#### TASK DETAILS
Exactly as they appear below, repeat the lines from the one with "Mini sparkly glitter" through the one with "批发创意陶瓷猫咪不锈钢咖啡勺蜂蜜搅拌勺 马克杯长柄不锈钢勺子". Drop every picture.

#### DATA RECORDS
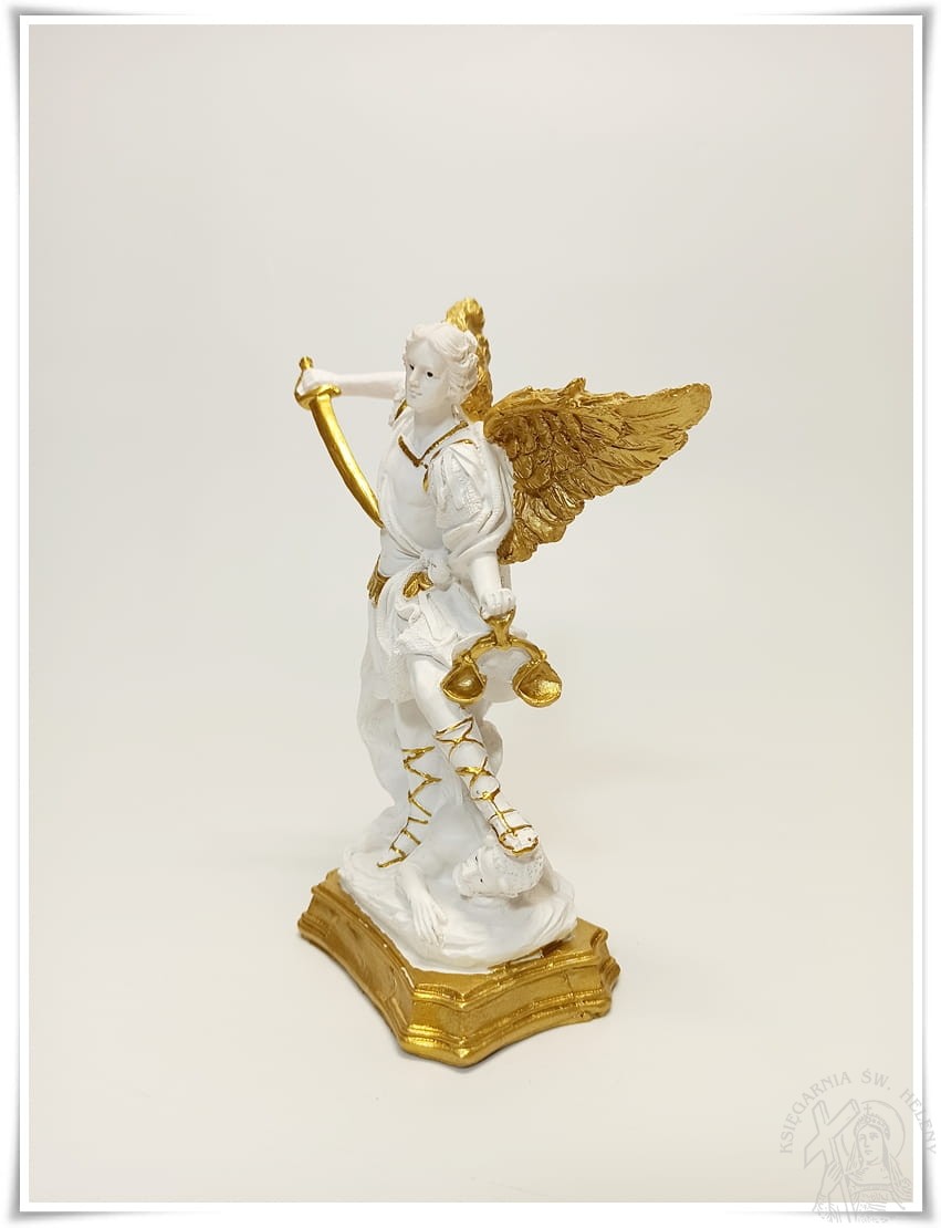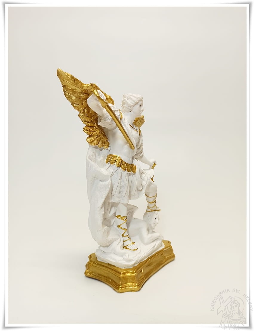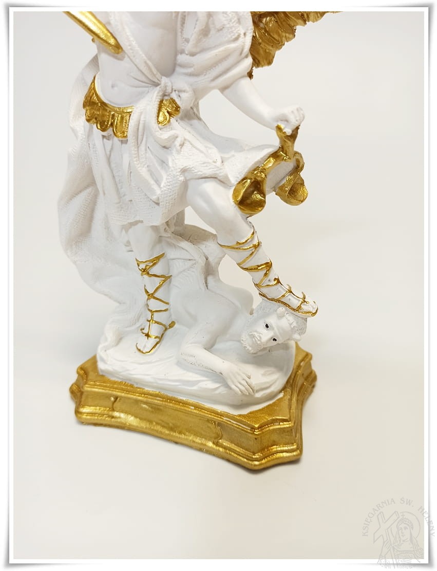 Figura św. Michała Archanioła wykonana z żywicy syntetycznej, trwałego materiały. Zdobiony ręcznie. Wielki wódz zastępów Anielskich, zwalczający szatana.
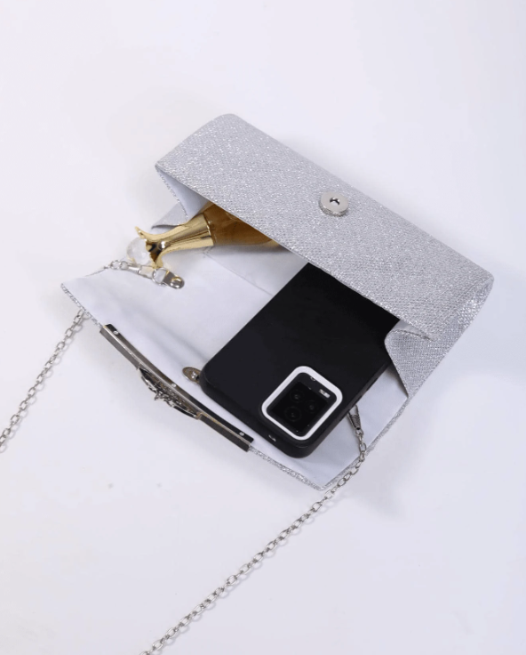 Mini sparkly glitter clutch bag with pleated metal edge, simple flip cover design for women to use in parties, weddings, dinner
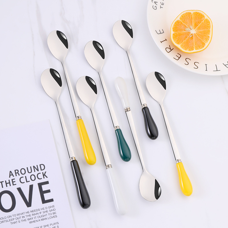 批发创意陶瓷猫咪不锈钢咖啡勺蜂蜜搅拌勺 马克杯长柄不锈钢勺子
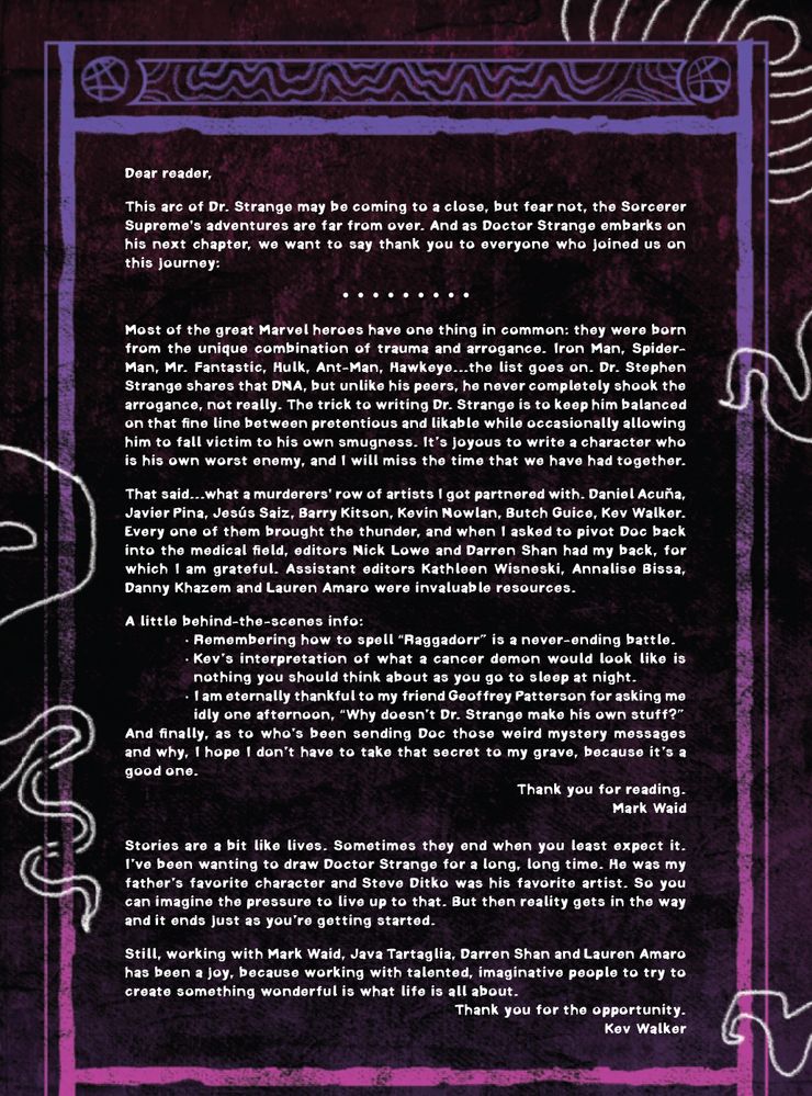 Lo scrittore ha quindi ringraziato gli artisti e i redattori che hanno collaborato con Doctor Strange, tra cui Daniel Acuña, Javier Pina, Jesús Saiz, Barry Kitson, Kevin Nowlan, Butch Guice, Kev Walker, Nick Lowe, Darren Shan, Kathleen Wisneski, Annalize Bissa, Danny Khazem e Lauren Amaro.
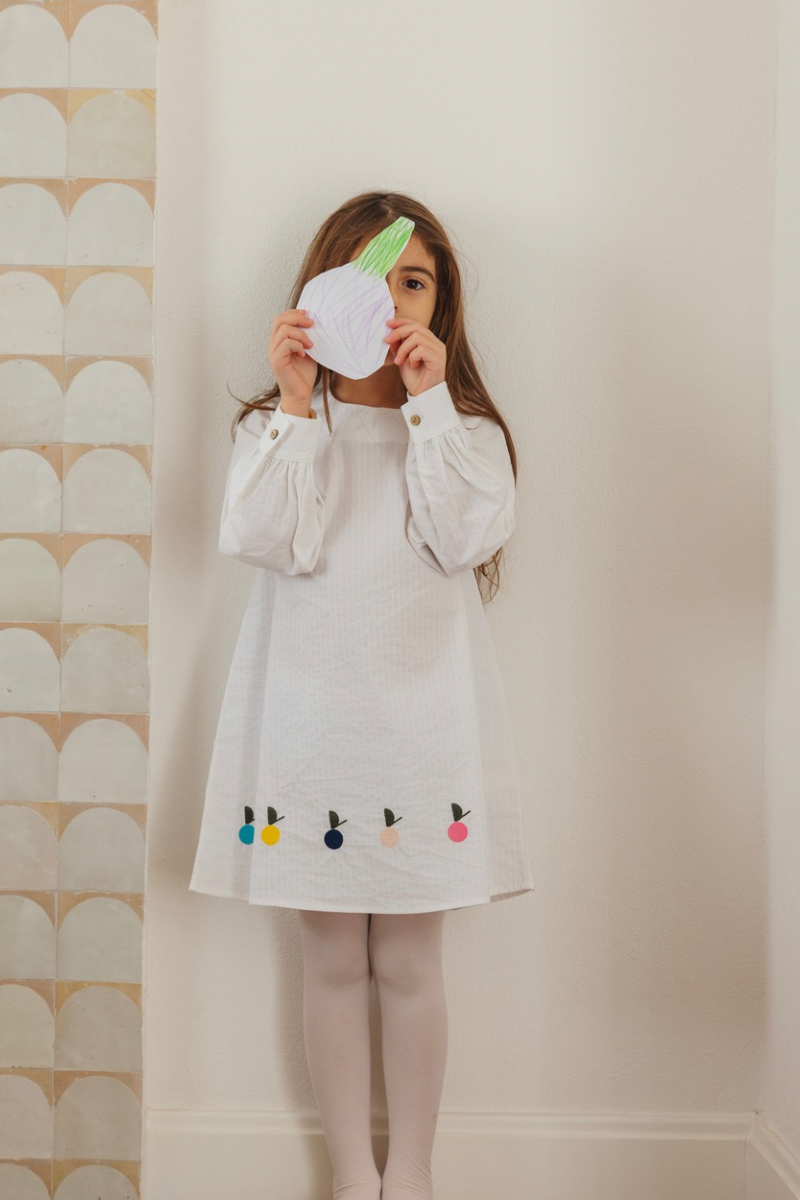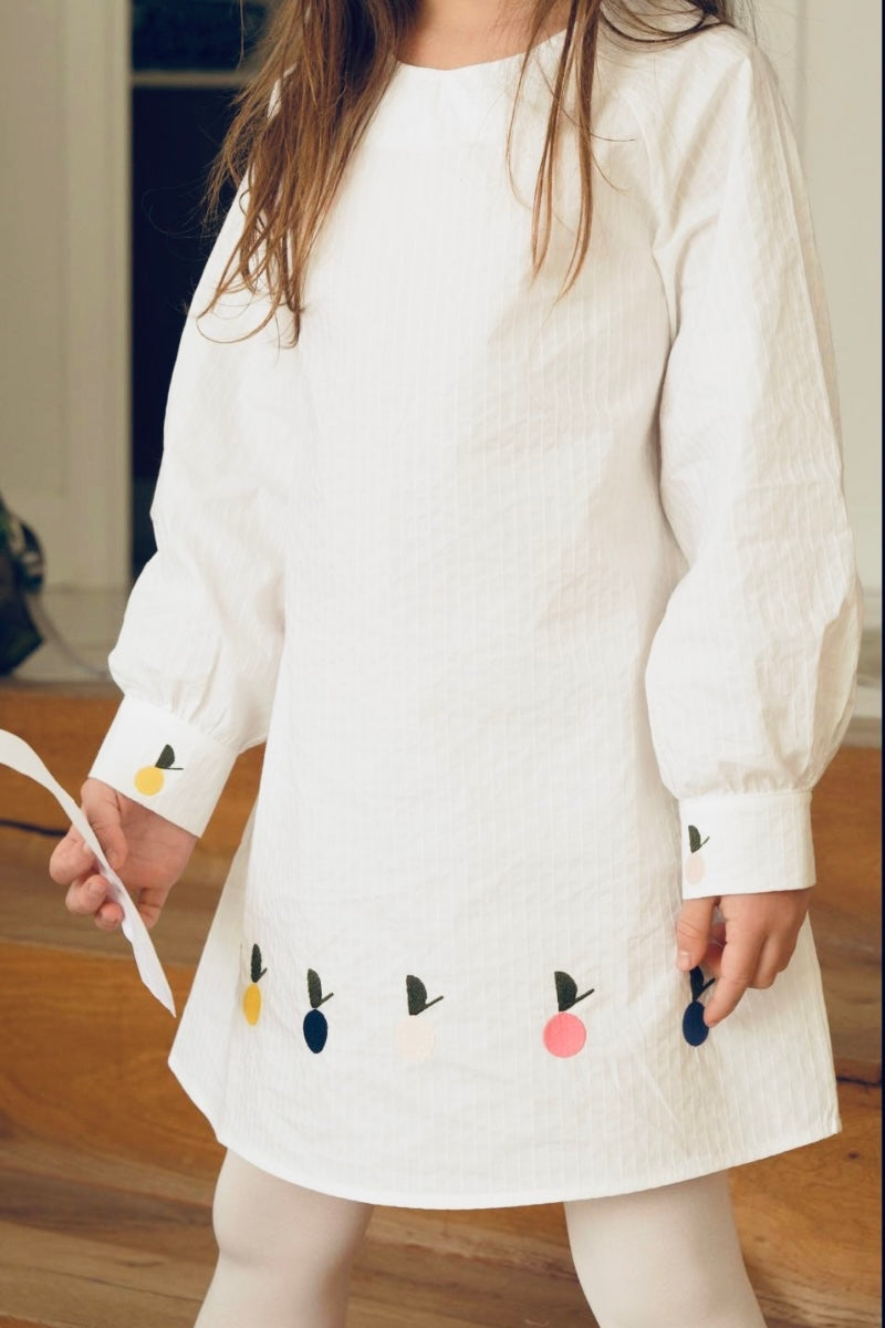 This long-sleeve dress adorned with apple embroidery details is made from 100% cotton.
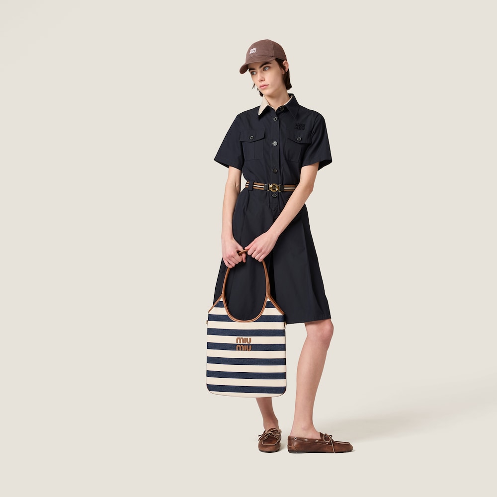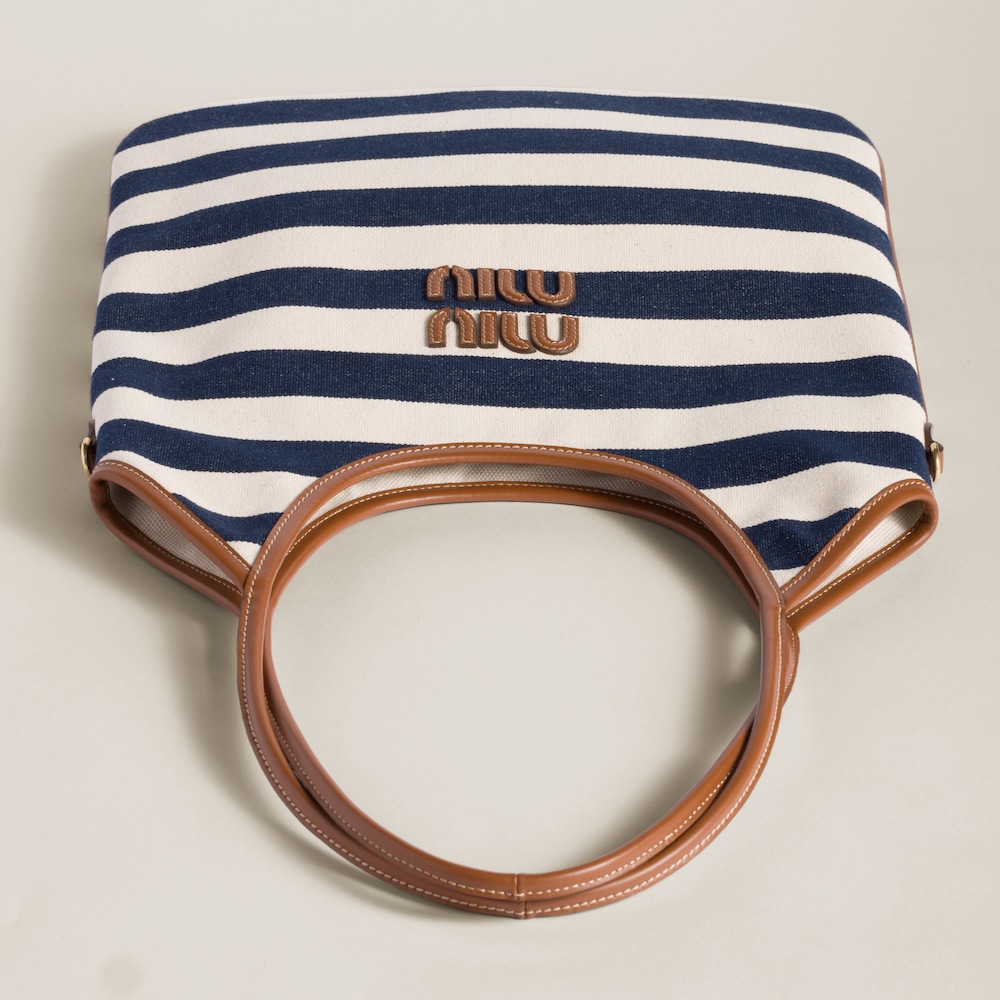 Classic summer hues bring the stripe motif to life, enriching the essence of this IVY bag where the combination of leather and canvas enhances the shape and elegant contrasts of Miu Miu style.

#### EXERCISE SOLUTION
 Mini sparkly glitter clutch bag with pleated metal edge, simple flip cover design for women to use in parties, weddings, dinner
 批发创意陶瓷猫咪不锈钢咖啡勺蜂蜜搅拌勺 马克杯长柄不锈钢勺子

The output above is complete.